Task goal
What is needed is an exact repetition of the lines from the first one in the data through the line with "Luego sujeta la", with no pictures.

Data for the task
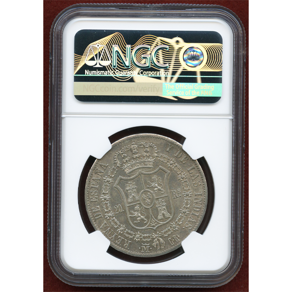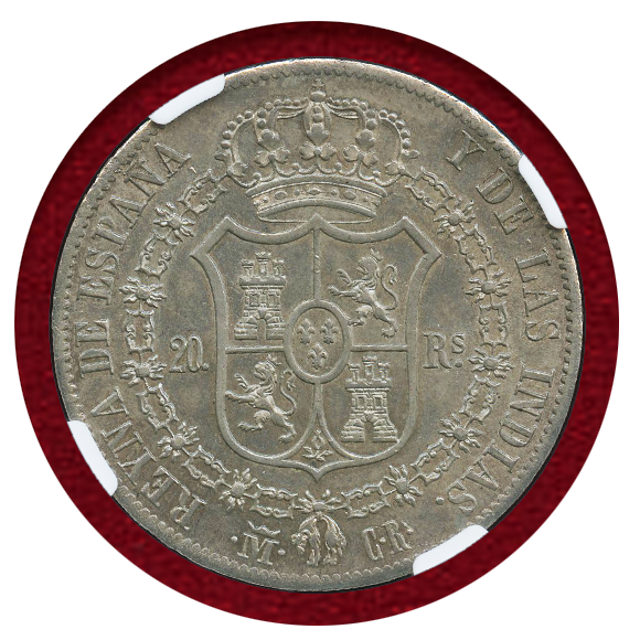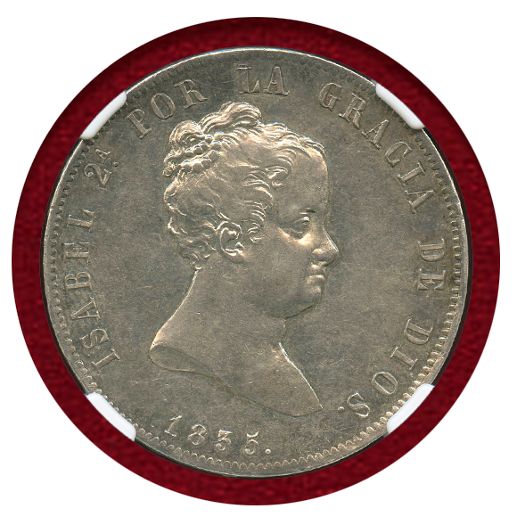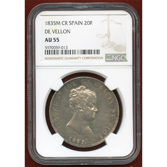 イサベル2世の希少な幼年期(3歳ころ)の20レアル銀貨です。
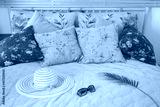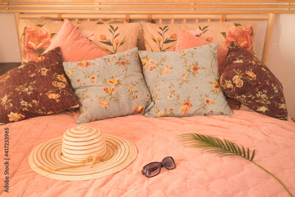 Elegant women's hat and sunglasses lying on a stylish bed. Warm light. Beautiful morning, tropical vacation, luxury and rest concept
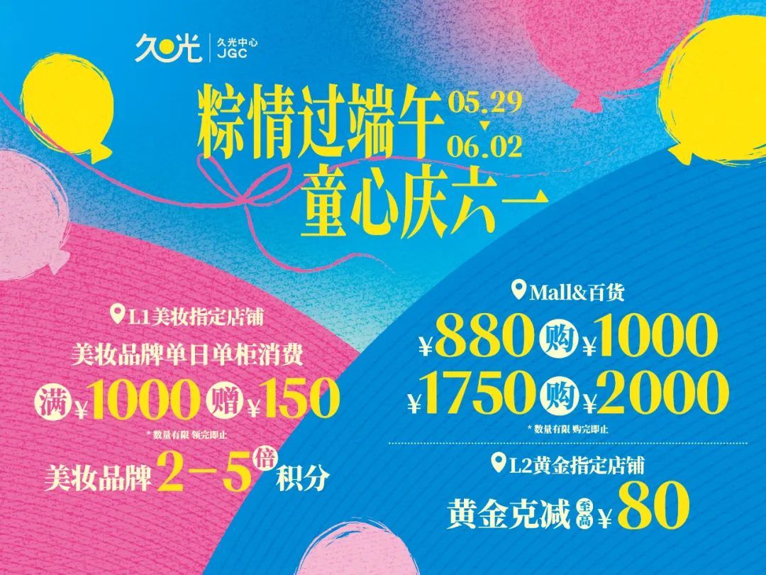 5月29日,上海久光中心开启“粽情过端午 童心庆六一”双节庆祝活动,向消费者推出钜惠福利,同时还策划举办“无处不儿童”超有趣快闪市集、布鲁可积木人BFC创作赛,并联动市精神文明办,协办“我们的节日·端午”上海科技体育文化嘉年华等活动,在小长假期间为消费者呈现丰富活动。
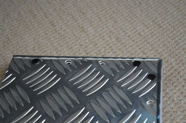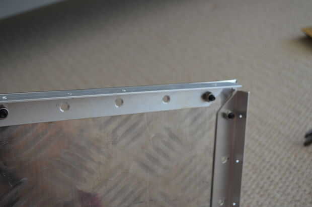 Luego sujeta la barra de ángulo a la placa de la banda de rodadura asegurándose que fue rasante y perforados a través de ambos ángulo de la barra y placa con una broca de 6mm de la pisada. He dejado la moldura sobre mientras hace esto para asegurarse de que todo se alinee al final.
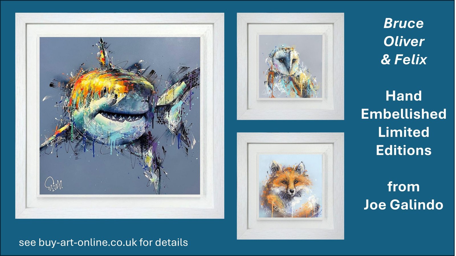 The key to Galindo’s unique style is the inventive ways to apply paint to the canvas. By using different techniques and mediums on top of one another, depth and contrast is created. Powerful contemporary colours are abstractly incorporated with details of wild animals in a loose, energetic style, which combine for an unusual but satisfying end product that demands attention and allows each person to interpret them individually. He attempts to express his own emotion and sentiment in the face of the animals to build a connection with the viewer. Unorthodox tools are used to apply paint including spoons, nails and bits of rubber. Moreover, each single piece of art is irreplicable due to the random nature of propelling paint with a flick of the wrist or a swoosh of the arm.
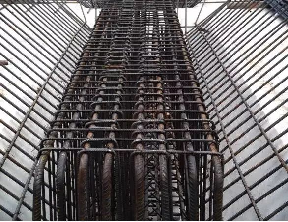 5、角部竖向钢筋弯勾与模板成45度角,中间钢筋弯勾与模板成90度角。
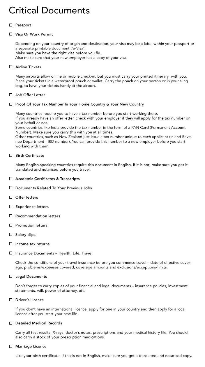 - Check that all your travel paperwork is in order. This will include your passport, visa, work permit, tickets, travel insurance, etc.
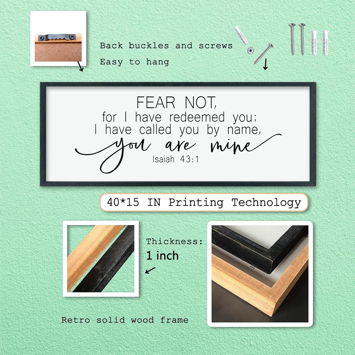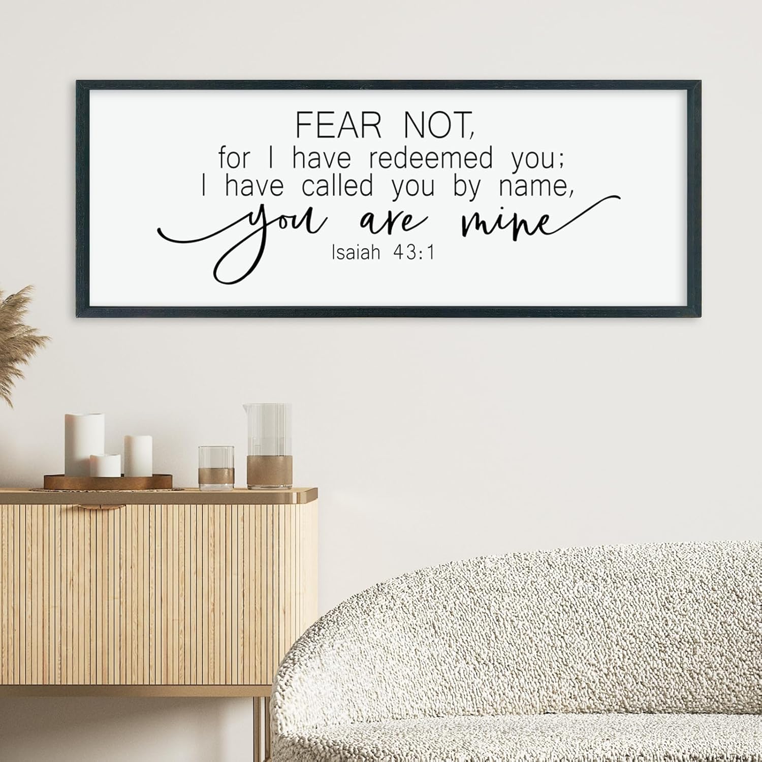 LuZhiQiang Fear Not for I Have Redeemed You Wall Decor Art 40"×15" Isaiah 43:1 Bible Verse Sign Christian Scripture Large Wood Framed Wall Hanging (Black)

Final answer
 イサベル2世の希少な幼年期(3歳ころ)の20レアル銀貨です。
 Elegant women's hat and sunglasses lying on a stylish bed. Warm light. Beautiful morning, tropical vacation, luxury and rest concept
 5月29日,上海久光中心开启“粽情过端午 童心庆六一”双节庆祝活动,向消费者推出钜惠福利,同时还策划举办“无处不儿童”超有趣快闪市集、布鲁可积木人BFC创作赛,并联动市精神文明办,协办“我们的节日·端午”上海科技体育文化嘉年华等活动,在小长假期间为消费者呈现丰富活动。
 Luego sujeta la barra de ángulo a la placa de la banda de rodadura asegurándose que fue rasante y perforados a través de ambos ángulo de la barra y placa con una broca de 6mm de la pisada. He dejado la moldura sobre mientras hace esto para asegurarse de que todo se alinee al final.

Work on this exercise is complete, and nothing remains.